··· INPUT RECORDS ···

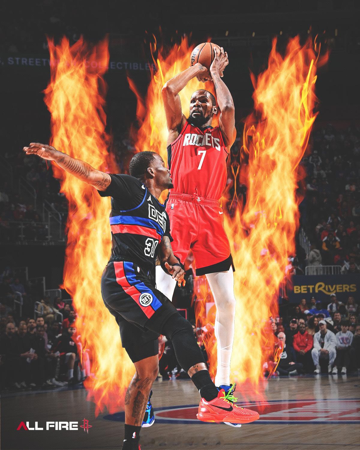 杜兰特生涯18年里已连续17个赛季场均得分25+,他还是15届全明星和4届得分王。火箭vs活塞火箭战胜活塞休斯顿火箭
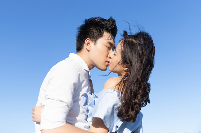 浪漫而深情的男女拥吻照片
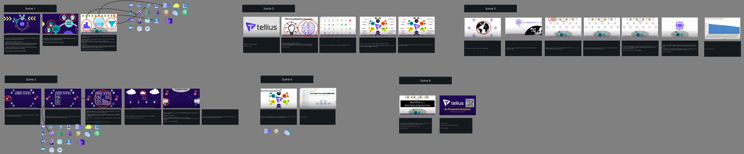 Wtih new graphics being implemented, a new request came from the client to update the story so that it may be more simplified. This required some parts of the original narration to be cut. This lead to a new storyboard (seen below) in which we used the platform Miro to help collaborate within the team to establish a new storyline and how to implement the new graphics.
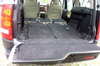 值得一提的是這輛車的空間利用率相當優秀,軸距2885mm比Range Rover還長5mm,加上車寬超過2公尺的關係,三排七人座椅的安排綽綽有餘,而且最後一排可讓兩位成人乘坐也不會感覺侷促,加上階梯式的增高,每位乘客都有非常不錯的視野,而後兩排座椅也都能完全放平,做為車床或載貨使用絕無問題。
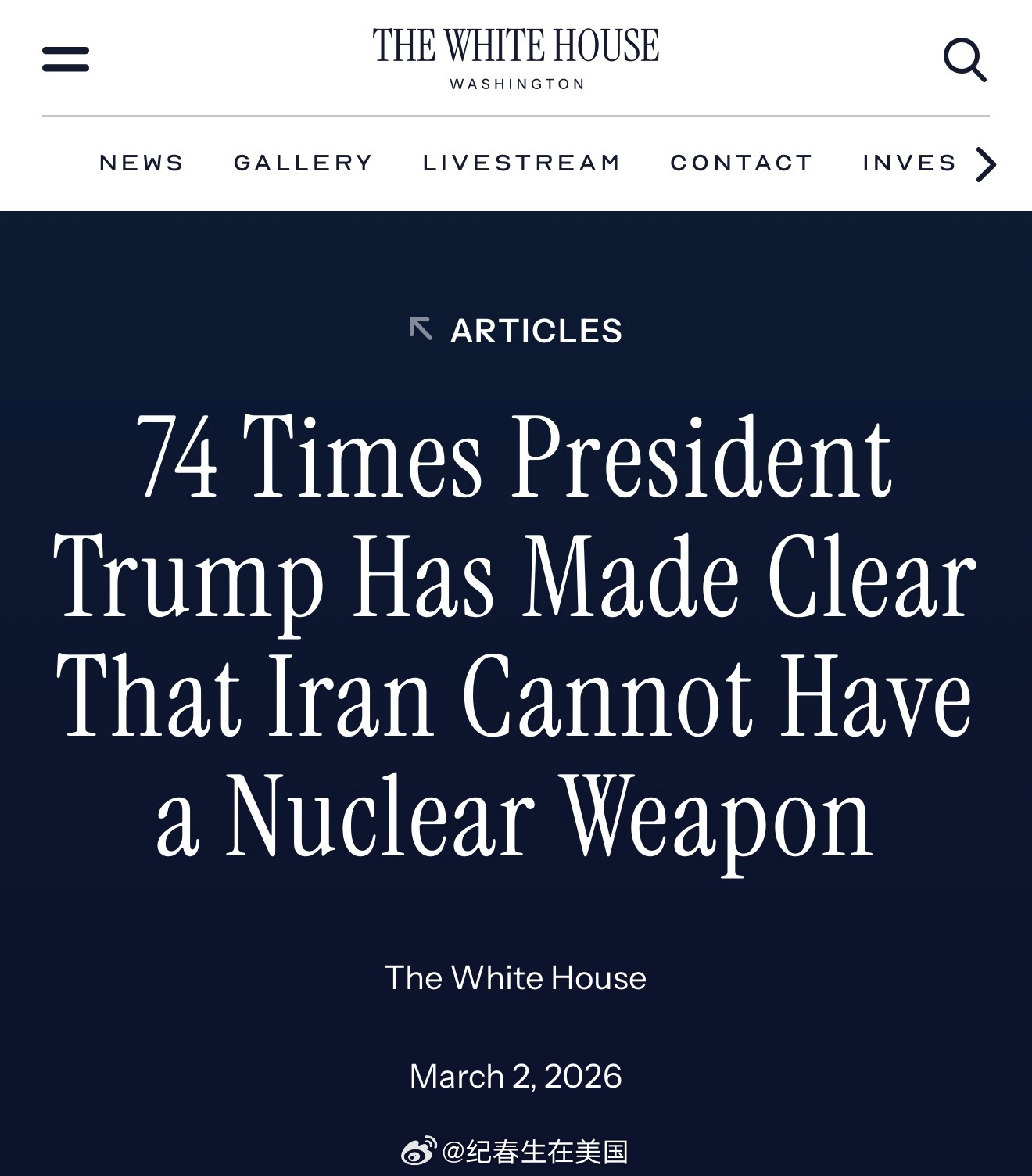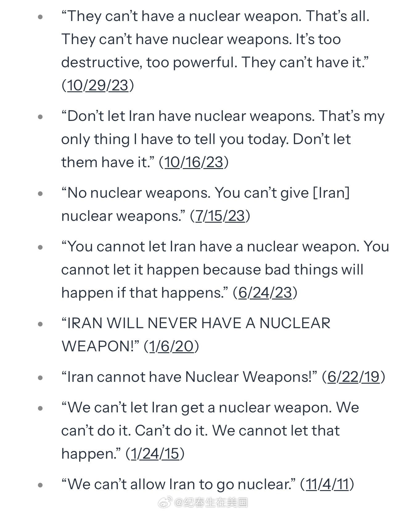 白宫做了个网页,列出了川普从2011年以来74次表态绝不允许伊朗获得核武器的言论
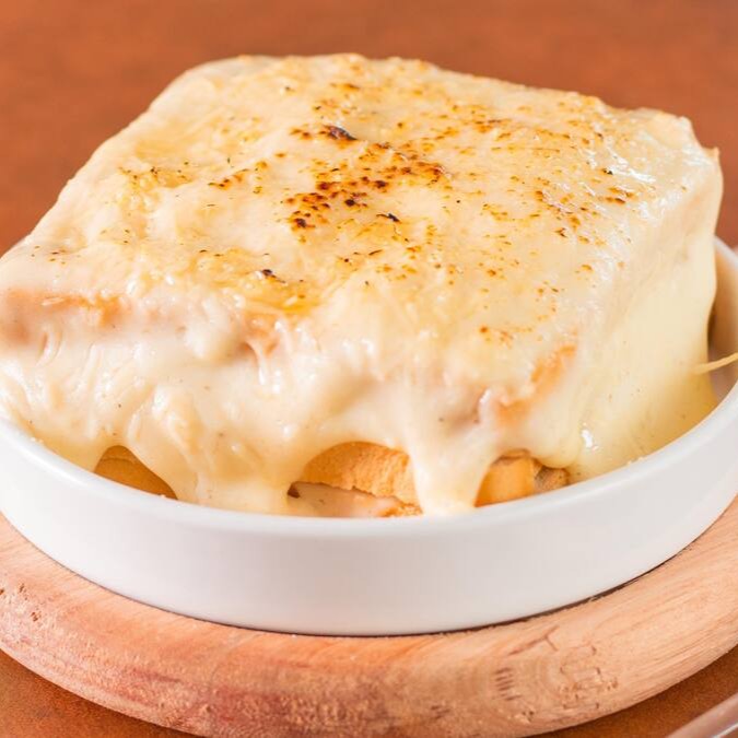 Sanduíche francês clássico, preparado com pão de forma dourado, presunto, queijo e molho bechamel cremoso, gratinado no forno.
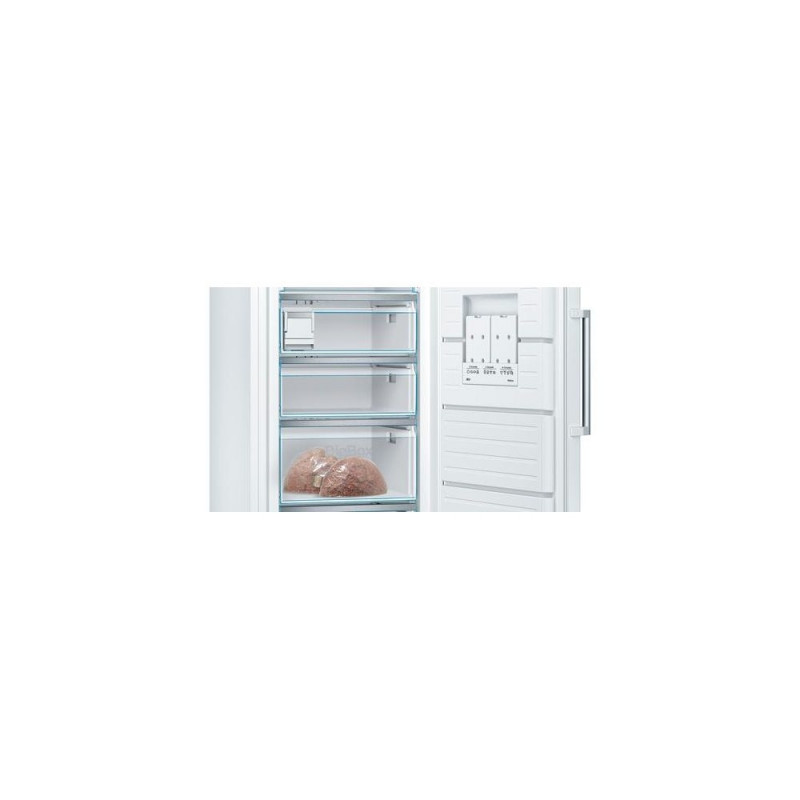 <br />Bosch Serie 6 GSN58AWCV. Freezer net capacity: 366 L, Climate class: SN-T, Freezing capacity: 22 kg/24h, Storage time during power failure: 26 h, Noise level: 38 dB, Star rating: 4*, No Frost system. Door hinge: Right. Lamp type: LED. Energy efficiency class: C, Annual energy consumption: 178 kWh. Product colour: White
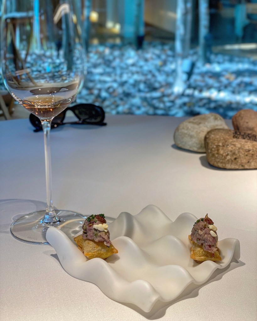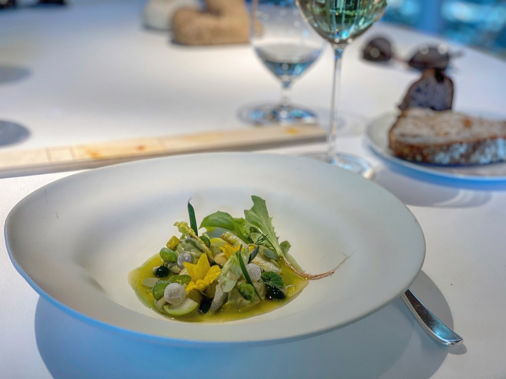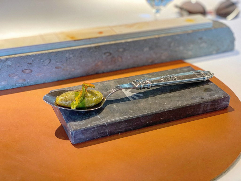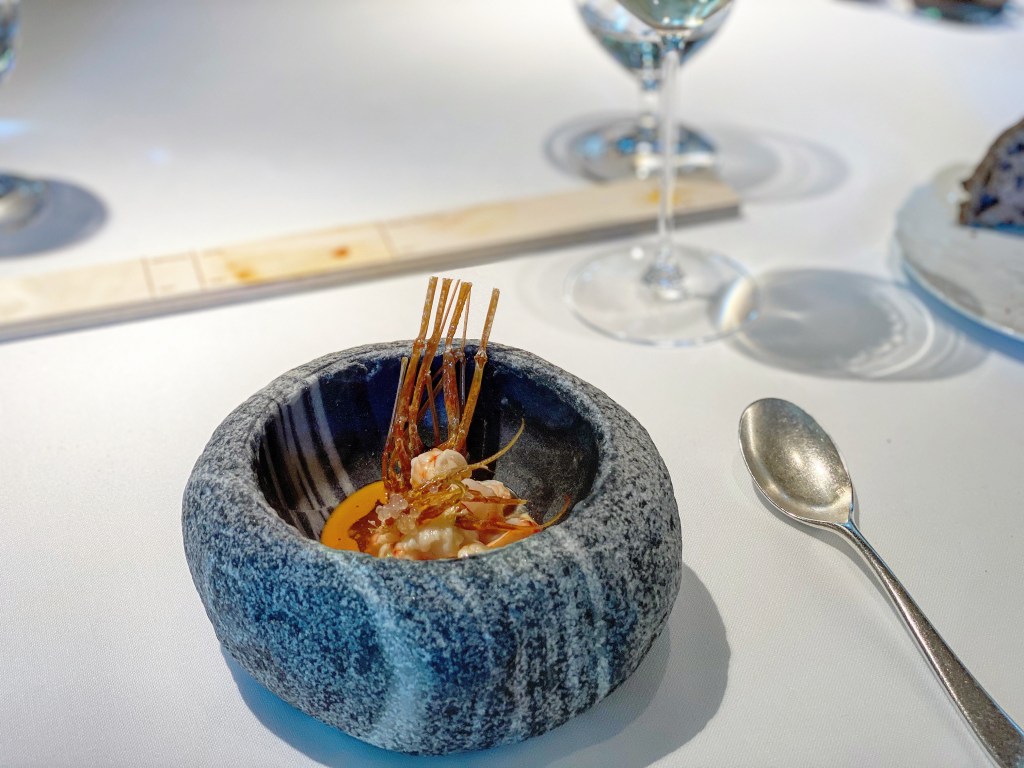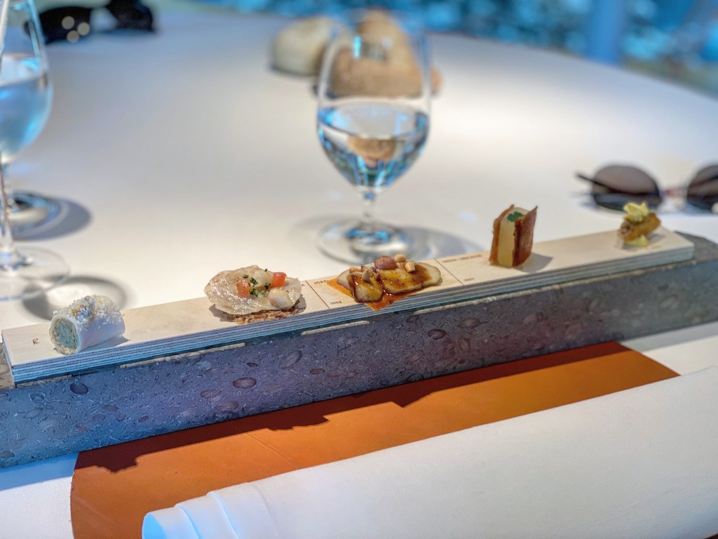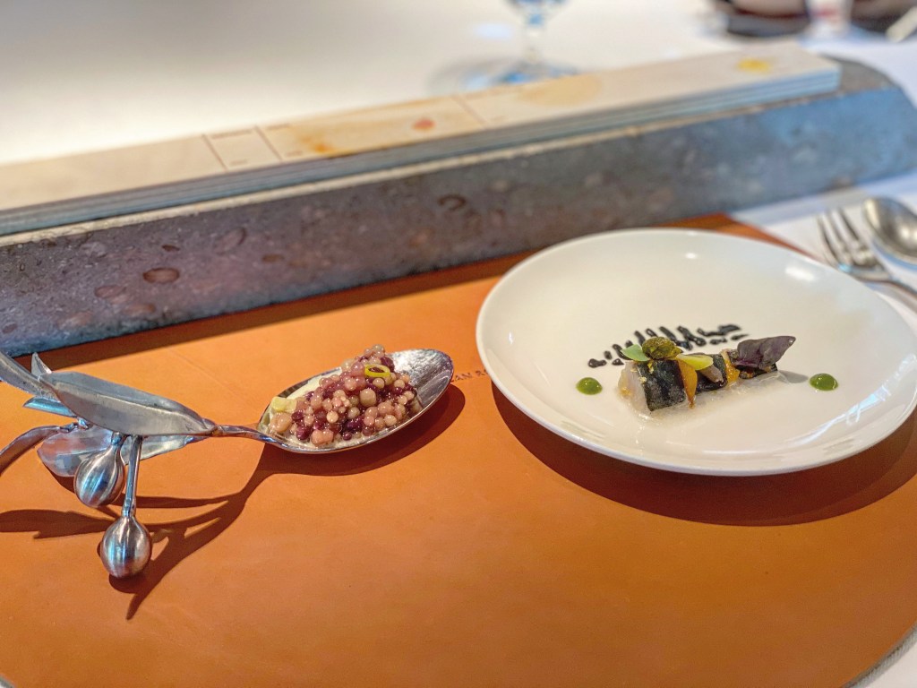 The dining room is a triangle of glass around a small indoor forest, fifteen tables at most, hushed but alive with anticipation. There is energy here, a low hum you can feel before the first plate arrives. And what plates they are. We chose the shorter tasting menu, a modest seven courses, preceded by ten amuse-bouches that arrived like postcards from far-off countries, each one a wink before the main narrative began. Every dish felt like theatre, presentation matched only by taste, and when paired with the extraordinary wines Josep poured with priestly devotion, each course became part of a larger symphony.

···

#### DIRECTIONS
Starting at the line that contains "Sanduíche francês clássico, preparado", reproduce every line through the last one in the records exactly, and omit all pictures.

#### ANSWER
 Sanduíche francês clássico, preparado com pão de forma dourado, presunto, queijo e molho bechamel cremoso, gratinado no forno.
 <br />Bosch Serie 6 GSN58AWCV. Freezer net capacity: 366 L, Climate class: SN-T, Freezing capacity: 22 kg/24h, Storage time during power failure: 26 h, Noise level: 38 dB, Star rating: 4*, No Frost system. Door hinge: Right. Lamp type: LED. Energy efficiency class: C, Annual energy consumption: 178 kWh. Product colour: White
 The dining room is a triangle of glass around a small indoor forest, fifteen tables at most, hushed but alive with anticipation. There is energy here, a low hum you can feel before the first plate arrives. And what plates they are. We chose the shorter tasting menu, a modest seven courses, preceded by ten amuse-bouches that arrived like postcards from far-off countries, each one a wink before the main narrative began. Every dish felt like theatre, presentation matched only by taste, and when paired with the extraordinary wines Josep poured with priestly devotion, each course became part of a larger symphony.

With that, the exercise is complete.